== WORK INSTRUCTION ==
Would you copy, word for word, each line from the one with "Coffee also does" to the end of the listing below, skipping all pictures?

== COLLECTED DATA ==
Start of Block

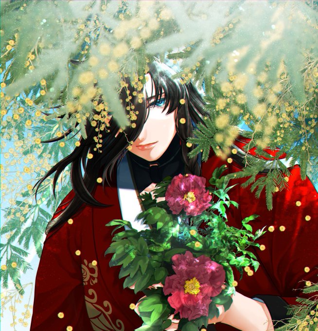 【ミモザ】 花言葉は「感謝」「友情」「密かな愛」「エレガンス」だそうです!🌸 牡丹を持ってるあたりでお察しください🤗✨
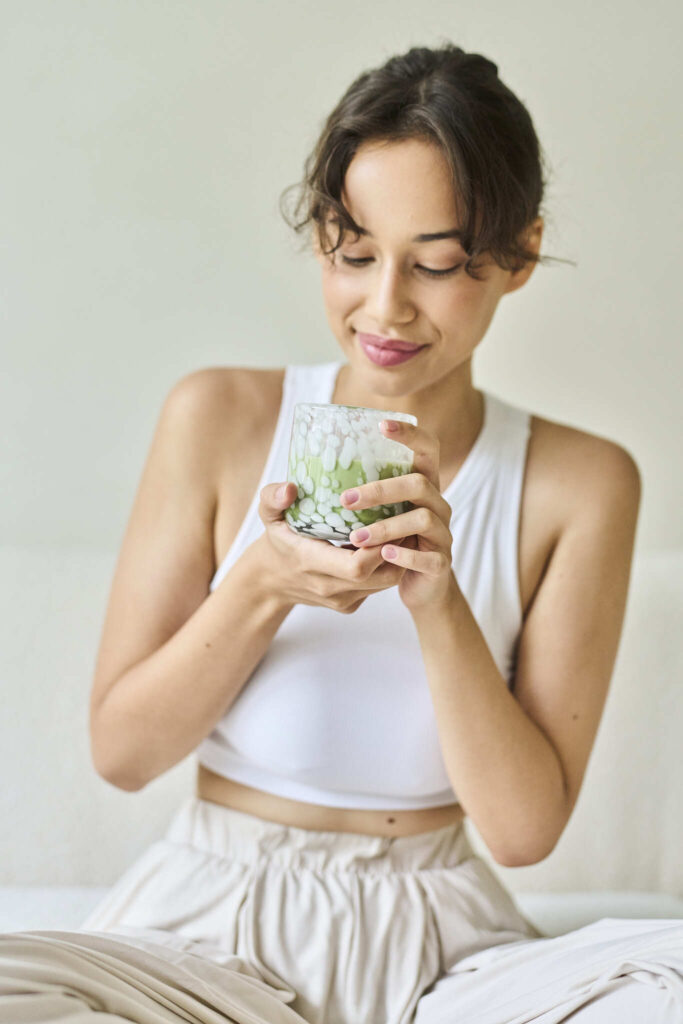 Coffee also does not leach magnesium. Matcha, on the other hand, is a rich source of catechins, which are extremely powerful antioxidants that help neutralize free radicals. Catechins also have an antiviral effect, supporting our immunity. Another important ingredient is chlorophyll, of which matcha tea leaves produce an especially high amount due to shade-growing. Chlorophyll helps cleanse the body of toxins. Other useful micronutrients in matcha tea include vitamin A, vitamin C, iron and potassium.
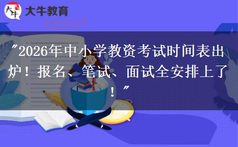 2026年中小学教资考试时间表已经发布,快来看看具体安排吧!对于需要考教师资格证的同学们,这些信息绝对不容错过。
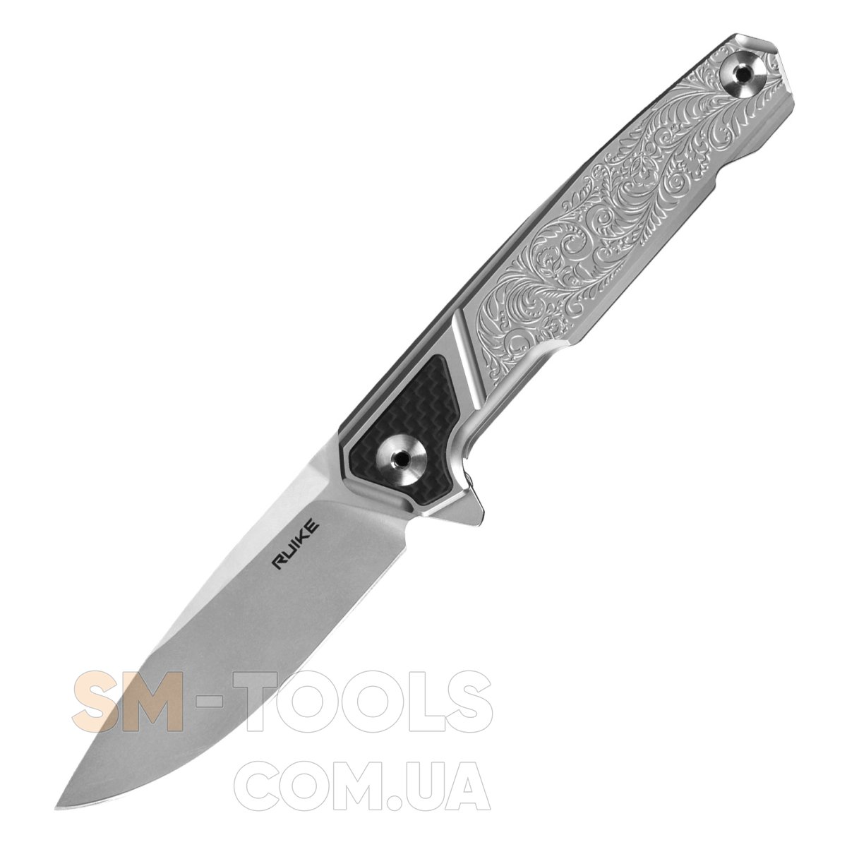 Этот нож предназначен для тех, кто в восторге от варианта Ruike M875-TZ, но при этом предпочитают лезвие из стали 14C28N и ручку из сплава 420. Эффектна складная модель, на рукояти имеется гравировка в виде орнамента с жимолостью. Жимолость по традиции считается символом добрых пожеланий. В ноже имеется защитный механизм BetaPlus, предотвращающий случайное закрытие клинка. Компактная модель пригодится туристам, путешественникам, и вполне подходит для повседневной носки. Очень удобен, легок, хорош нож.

End of Block

== TASK RESULT ==
 Coffee also does not leach magnesium. Matcha, on the other hand, is a rich source of catechins, which are extremely powerful antioxidants that help neutralize free radicals. Catechins also have an antiviral effect, supporting our immunity. Another important ingredient is chlorophyll, of which matcha tea leaves produce an especially high amount due to shade-growing. Chlorophyll helps cleanse the body of toxins. Other useful micronutrients in matcha tea include vitamin A, vitamin C, iron and potassium.
 2026年中小学教资考试时间表已经发布,快来看看具体安排吧!对于需要考教师资格证的同学们,这些信息绝对不容错过。
 Этот нож предназначен для тех, кто в восторге от варианта Ruike M875-TZ, но при этом предпочитают лезвие из стали 14C28N и ручку из сплава 420. Эффектна складная модель, на рукояти имеется гравировка в виде орнамента с жимолостью. Жимолость по традиции считается символом добрых пожеланий. В ноже имеется защитный механизм BetaPlus, предотвращающий случайное закрытие клинка. Компактная модель пригодится туристам, путешественникам, и вполне подходит для повседневной носки. Очень удобен, легок, хорош нож.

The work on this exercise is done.